» **How to complete this task**: Output, word for word, the line that contains "- Click Restored." and all lines following it to the end of the listing. Drop the pictures.

» **Collected material**:

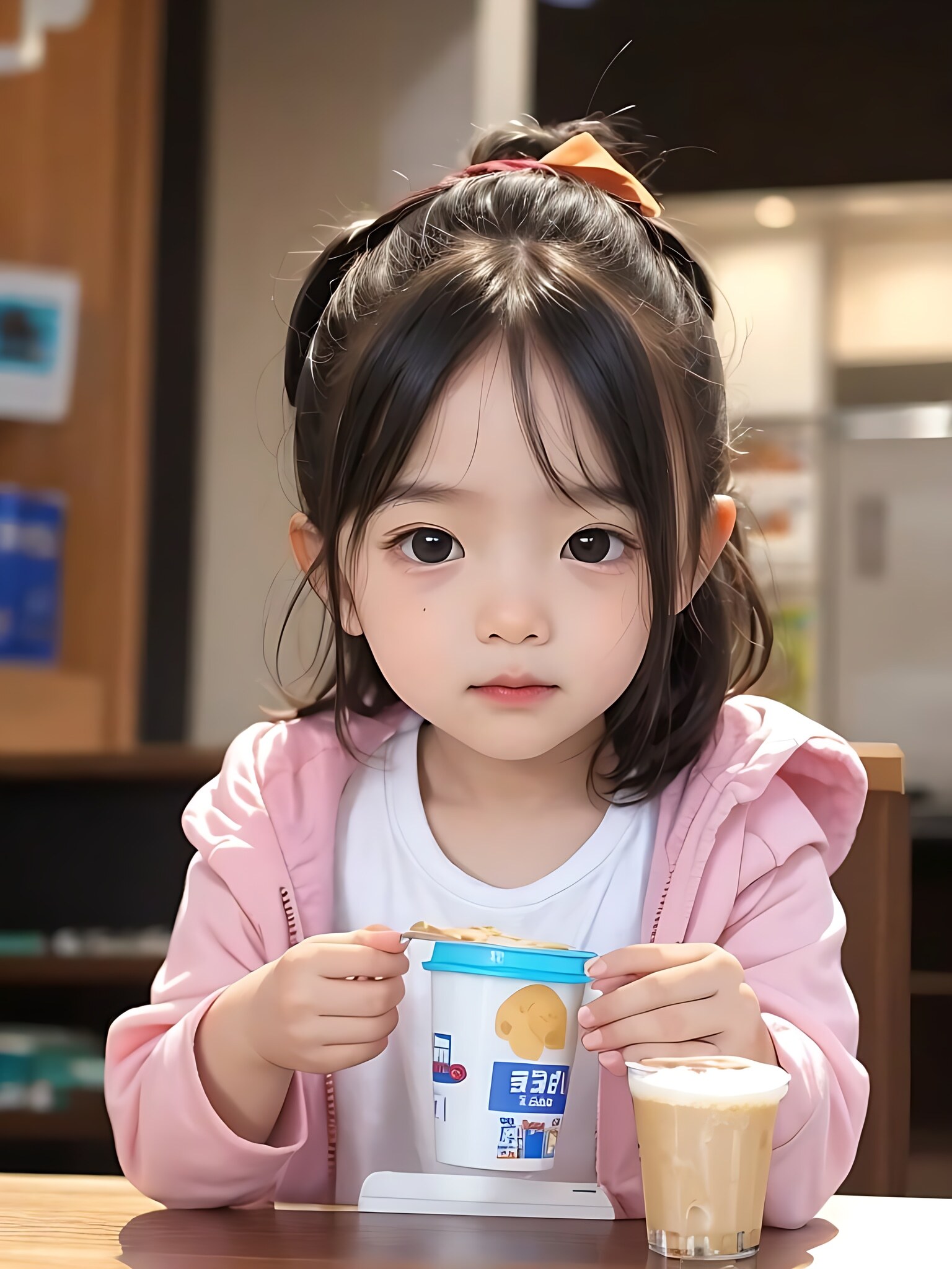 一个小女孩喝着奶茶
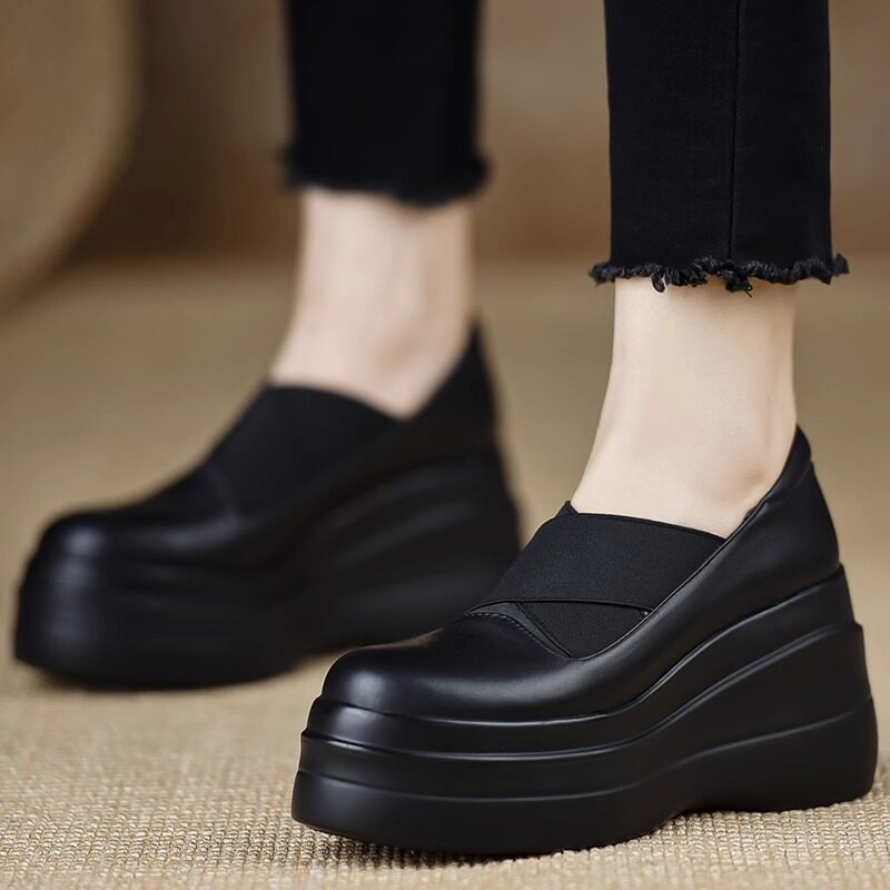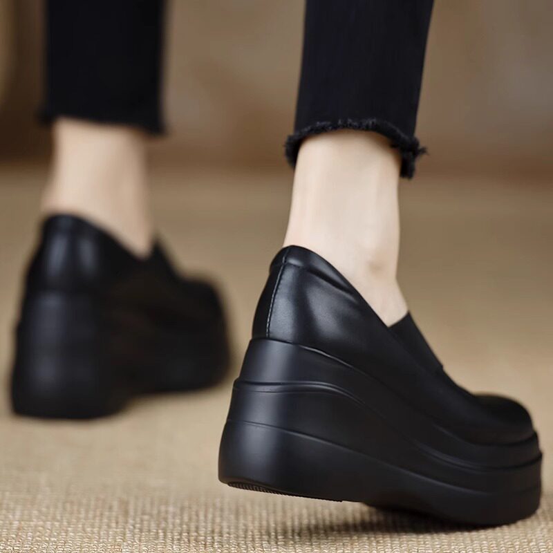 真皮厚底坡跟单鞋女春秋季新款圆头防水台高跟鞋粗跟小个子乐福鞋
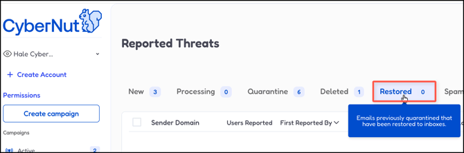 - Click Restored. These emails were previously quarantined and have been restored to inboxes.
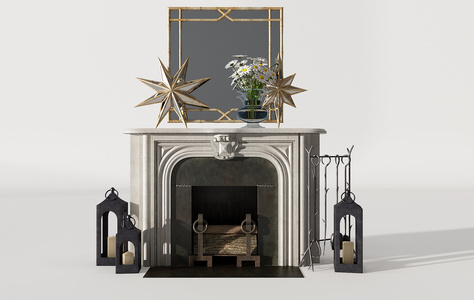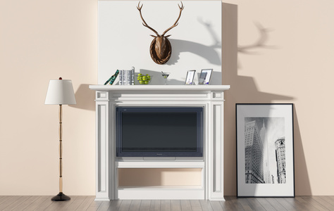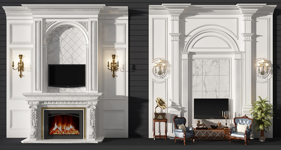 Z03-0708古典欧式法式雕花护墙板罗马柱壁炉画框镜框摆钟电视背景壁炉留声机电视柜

» **Response to this task**:
 - Click Restored. These emails were previously quarantined and have been restored to inboxes.
 Z03-0708古典欧式法式雕花护墙板罗马柱壁炉画框镜框摆钟电视背景壁炉留声机电视柜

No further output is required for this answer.